Inflammatory Th17 Cells Express Integrin α(v)β(3) for Pathogenic Function

Inerleukin-23 (IL-23) is required for inflammatory Th17 cell function in experimental autoimmune encephalomyelitis (EAE), and IL-23 blockade reduces the number of effector Th17 cells in the CNS. We report that pro-inflammatory Th17 cells express high integrin β(3) that is IL-23 dependent.
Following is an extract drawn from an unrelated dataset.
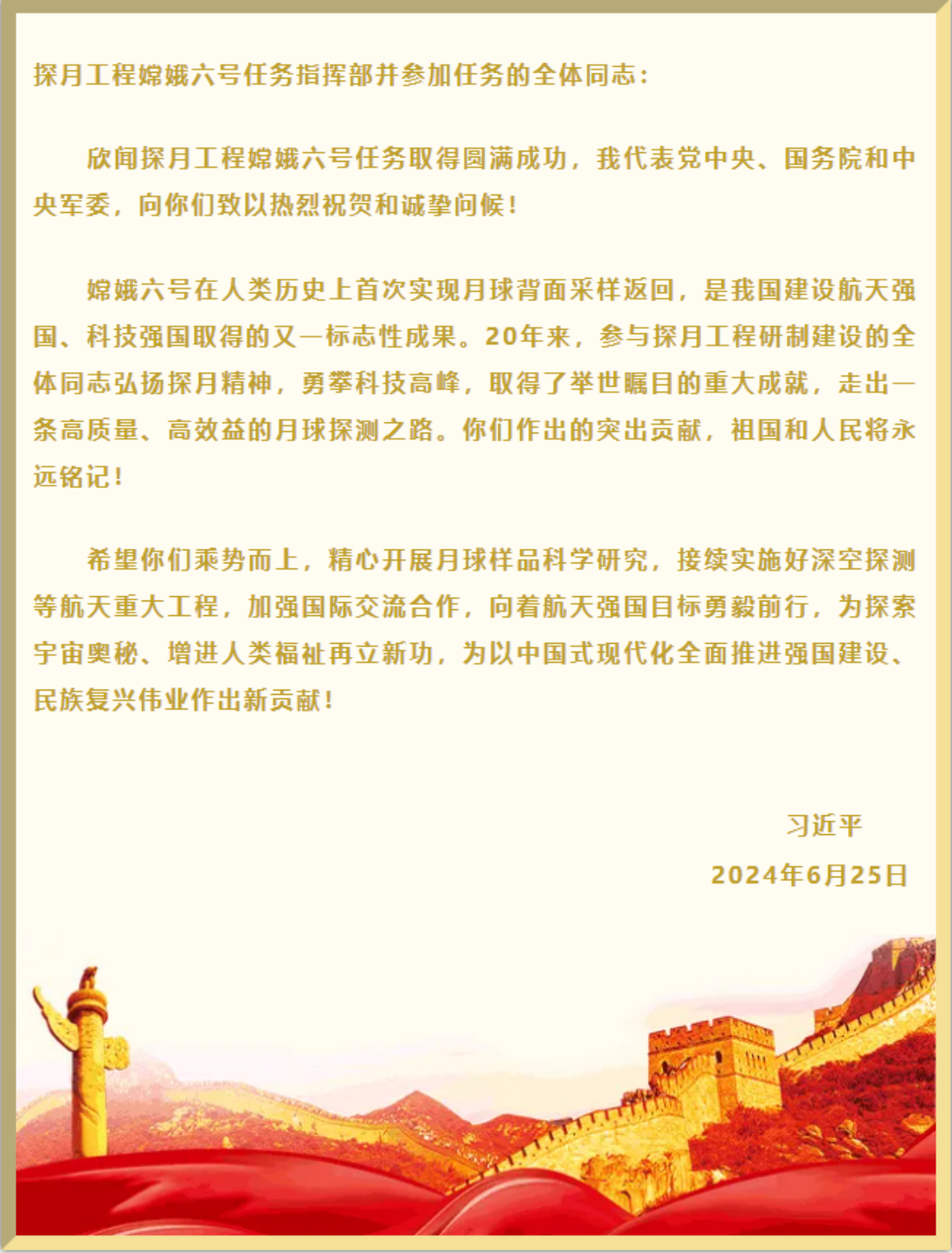 6月25日14时07分,嫦娥六号返回器携带来自月背的月球样品安全着陆在内蒙古四子王旗预定区域。中共中央总书记、国家主席、中央军委主席习近平发来贺电,代表党中央、国务院和中央军委,向探月工程嫦娥六号任务指挥部并参加任务的全体同志致以热烈祝贺和诚挚问候。

Integrin β(3) was not upregulated on all activated T cells; rather, integrin β(3) was upregulated along with its functional partner integrin αv on effector Th17 cells and “ex-Th17” cells, and αvβ(3)(hi) RORγt(+) cells expanded during EAE. Integrin αvβ(3) inhibitors ameliorated clinical signs of EAE, and integrin β(3) deficiency on CD4(+) T cells alone was sufficient to block EAE induction. Furthermore, integrin-β(3)-deficient Th17 cells, but not Th1 cells, were impaired in their ability to induce EAE. Integrin β(3)(−/−) T cells induced smaller demyelinated lesions and showed reduced spread and accumulation within the CNS, corresponding with impaired extracellular-matrix-mediated migration. Hence, integrin β(3) is required for Th17 cell-mediated autoimmune CNS inflammation.